The CurrencyShares Euro Currency Trust (NYSEArca: FXE), which tracks the euro’s price movements against the dollar, is higher by 6% year-to-date and that is good for one of the best performances among developed market currency exchange traded funds.
Some traders are growing increasingly bullish on the common currency.
Traders perception that Eurozone political risk is decreasing following France’s presidential election is helping boost the common currency. Centrist and pro-EU Emmanuel Macron won France’s election, the desired result for financial markets and the euro. Euro traders have hopped on the theme of nascent French dynamism spurred by Macron’s tax cuts and government streamlining, but this is all based on the new French president’s proposals passing parliament’s Coalition of the Unwilling.
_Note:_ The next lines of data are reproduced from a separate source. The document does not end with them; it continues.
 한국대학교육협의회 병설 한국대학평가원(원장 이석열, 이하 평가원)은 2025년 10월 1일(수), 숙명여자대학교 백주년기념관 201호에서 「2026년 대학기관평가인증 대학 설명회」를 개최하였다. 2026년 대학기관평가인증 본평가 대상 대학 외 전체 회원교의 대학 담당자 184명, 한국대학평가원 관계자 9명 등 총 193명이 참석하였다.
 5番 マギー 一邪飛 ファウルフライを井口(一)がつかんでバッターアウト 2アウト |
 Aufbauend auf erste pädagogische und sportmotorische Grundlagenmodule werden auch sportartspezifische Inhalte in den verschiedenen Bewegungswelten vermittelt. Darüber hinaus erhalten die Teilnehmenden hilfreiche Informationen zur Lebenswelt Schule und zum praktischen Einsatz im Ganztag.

“J.P. Morgan Asset Management has increased its exposure to the euro and European equity markets in the past few months, while Western Asset Global Mgmt Ltd., which has been underweight the shared currency since 2011, began buying it in December and boosted its position through April,” according to Bloomberg.
Still, the euro is not out of the political volatility woods just yet. Later this year, Germany and Italy, the Eurozone’s largest and third-largest economies, hold national elections.
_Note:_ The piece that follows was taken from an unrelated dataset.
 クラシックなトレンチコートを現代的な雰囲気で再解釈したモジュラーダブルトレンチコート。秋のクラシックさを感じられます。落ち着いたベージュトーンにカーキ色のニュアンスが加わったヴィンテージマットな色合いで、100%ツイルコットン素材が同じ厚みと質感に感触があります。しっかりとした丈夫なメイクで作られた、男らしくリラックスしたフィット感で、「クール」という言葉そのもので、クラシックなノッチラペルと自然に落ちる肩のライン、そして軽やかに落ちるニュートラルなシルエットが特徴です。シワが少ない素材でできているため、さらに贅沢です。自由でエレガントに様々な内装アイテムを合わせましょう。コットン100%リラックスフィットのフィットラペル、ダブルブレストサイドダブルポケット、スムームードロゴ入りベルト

In Italy, former Prime Minister Matteo Renzi resigned in December following a no-confidence referendum. At the time, some market observers believed Renzi’s resignation could lead to early elections and a rise in support for the populist anti-euro Five Star Movement. The party would seek to carry out a referendum on Italy breaking away from the Euro area.
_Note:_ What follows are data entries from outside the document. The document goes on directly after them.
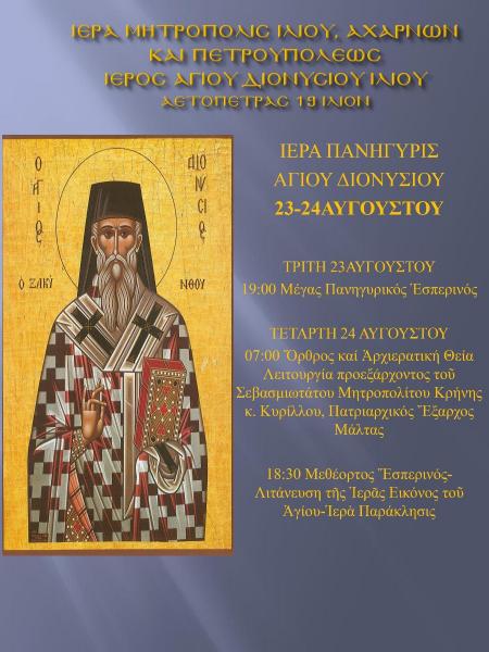 Πρόγραμμα πανηγύρεως Αγ. Διονυσίου Ιλίου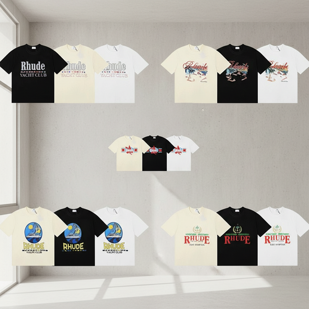 Rhude T-Shirts featuring stylish yacht club and graphic prints, premium cotton, perfect for casual wear and street fashion lovers worldwide.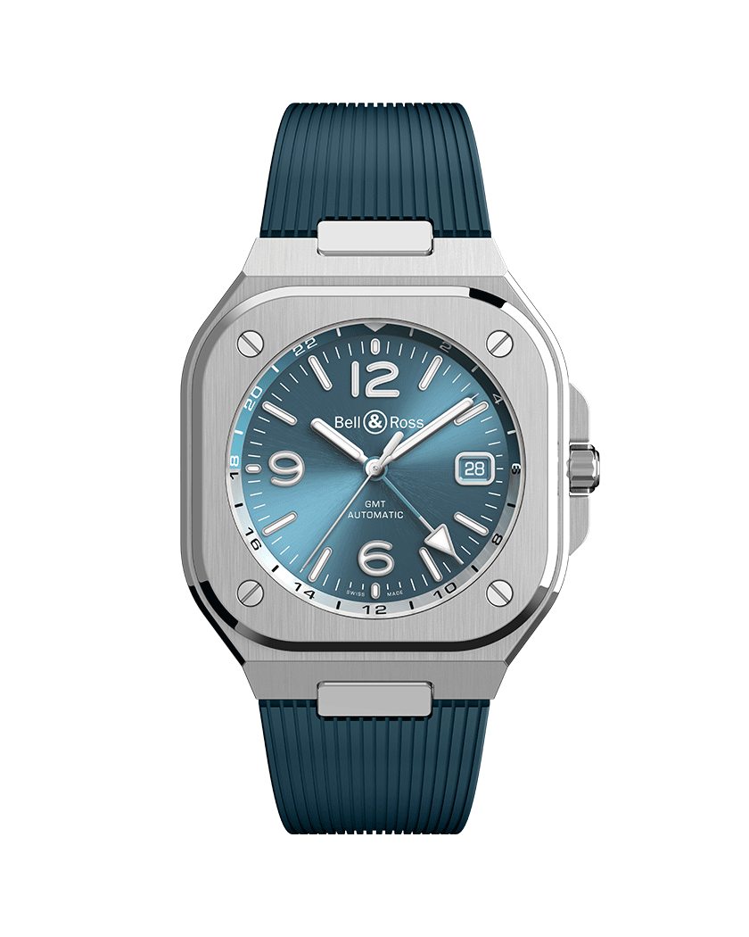 La BR-05 GMT Sky Blue, au cadran bleu soleillé, propose un affichage clair et simple d’un deuxième fuseau horaire grâce à une quatrième aiguille.

“Emmanuel Macron’s victory in French parliamentary elections, an agreement between Greece and its creditors to release new loans and the defeat of the anti-establishment party Five Star Movement in the local vote in Italy are making investors more confident on the outlook for the shared currency. That compares with earlier in the year, when concerns over the rise of populism across Europe rekindled speculation of a possible breakup of the currency bloc,” according to Bloomberg.
Over the past year, FXE is lower by 1.2% while the U.S. Dollar Index is higher by 2.5%.